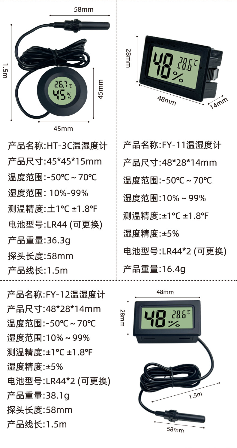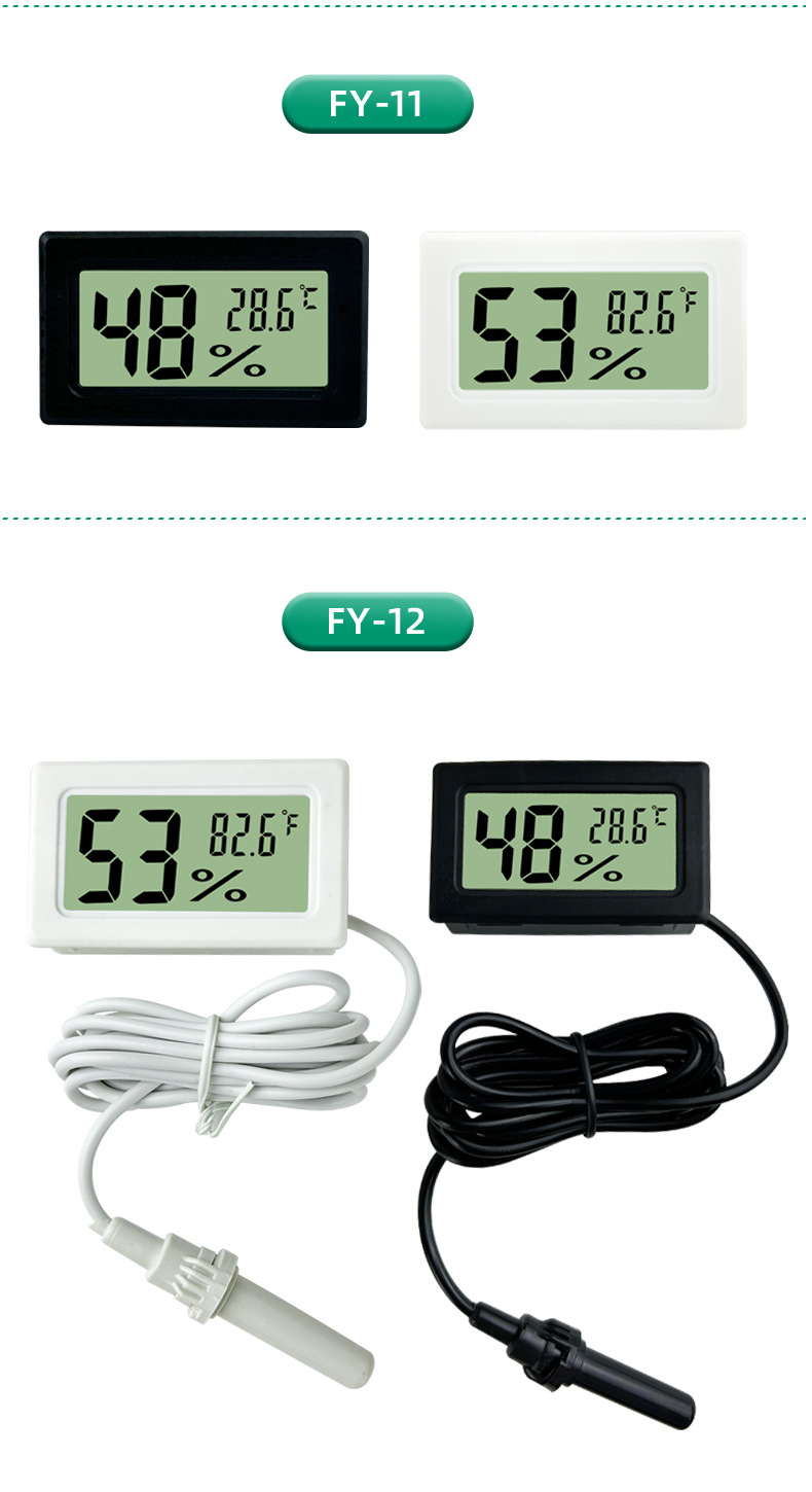 FY-11FY-12埋め込み式温湿度計プローブ付き温湿度表示計爬虫類ペット温湿度計
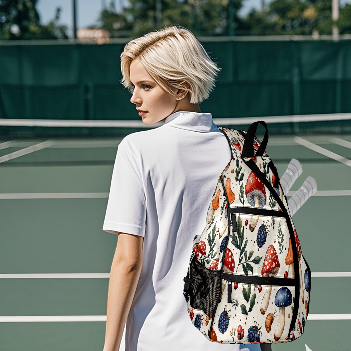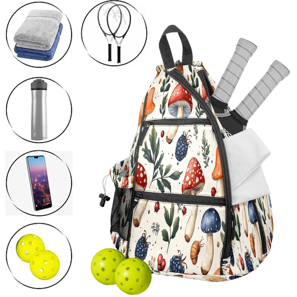 pickleball Bag - Mushroom Berries Unisex pickleball Backpack with Fence Hook, Adjustable Shoulder Straps, Security Pocket, Gift for pickle ball enthusiasts
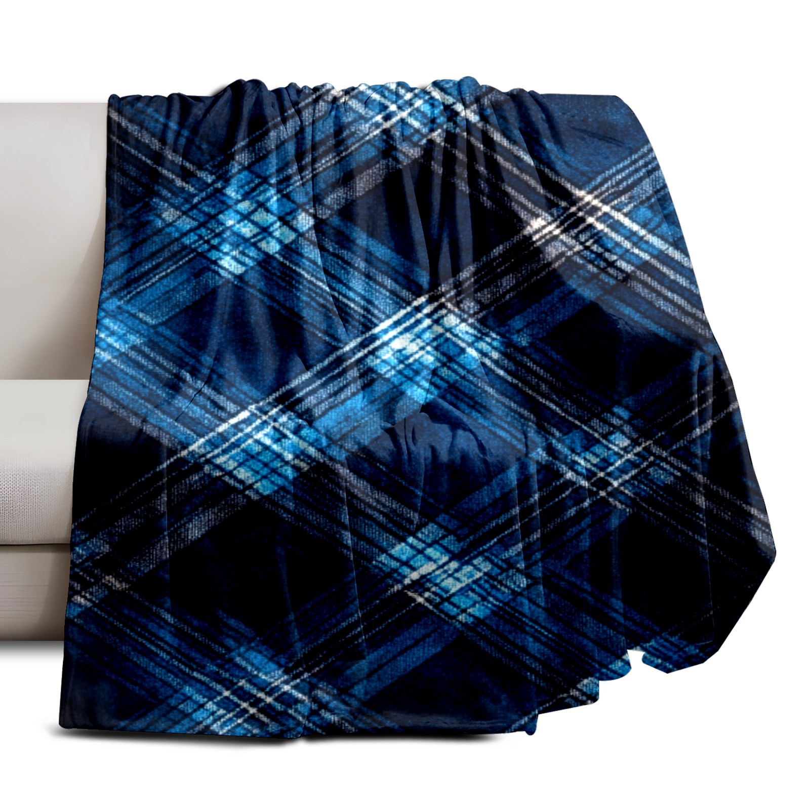 Премиальная фланелевая одеяло Dark Blue Plaid Pattern
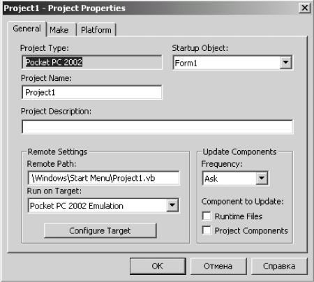 ♦ В списке Run on Target указывается платформа, на которой будет выполняться данное приложение. Разработчик может создать приложение для запуска на эмуляторе или на подключенном к компьютеру Pocket PC 2002.
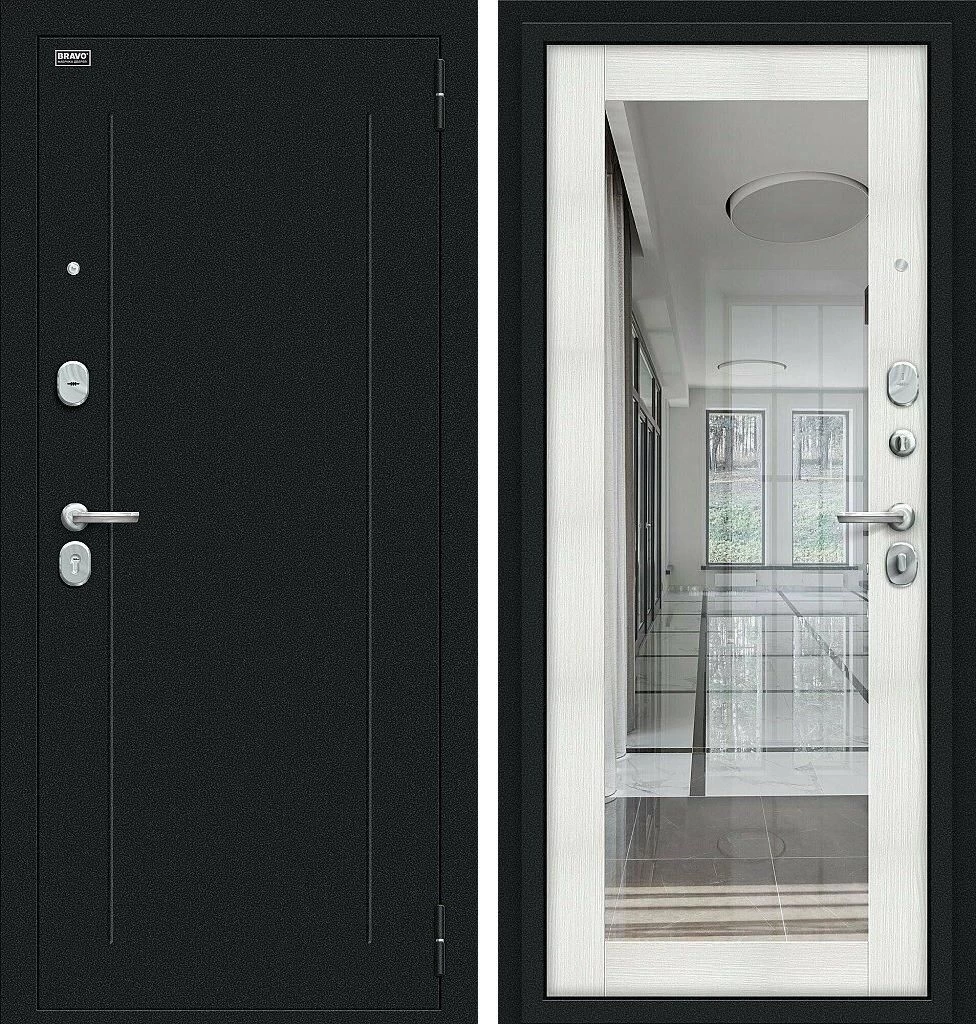 Надежная входная Входная дверь Флэш Букле черное/Bianco Veralinga BR4237 премиум класса по цене 33 241 руб. Большая толщина стали защитит от проникновения в ваш дом, квартиру или коттедж. Используется очень качественная фурнитура: замки, цилиндры, ручки, защелки. Покрытие и отделка двери изготовлено под внимательным контролем производителя. Дверь имеет долгий срок службы и гарантию.

> The problem: Where a record above holds a picture, drop the picture and print the rest exactly.

> Solution for this task:
 FY-11FY-12埋め込み式温湿度計プローブ付き温湿度表示計爬虫類ペット温湿度計
 pickleball Bag - Mushroom Berries Unisex pickleball Backpack with Fence Hook, Adjustable Shoulder Straps, Security Pocket, Gift for pickle ball enthusiasts
 Премиальная фланелевая одеяло Dark Blue Plaid Pattern
 ♦ В списке Run on Target указывается платформа, на которой будет выполняться данное приложение. Разработчик может создать приложение для запуска на эмуляторе или на подключенном к компьютеру Pocket PC 2002.
 Надежная входная Входная дверь Флэш Букле черное/Bianco Veralinga BR4237 премиум класса по цене 33 241 руб. Большая толщина стали защитит от проникновения в ваш дом, квартиру или коттедж. Используется очень качественная фурнитура: замки, цилиндры, ручки, защелки. Покрытие и отделка двери изготовлено под внимательным контролем производителя. Дверь имеет долгий срок службы и гарантию.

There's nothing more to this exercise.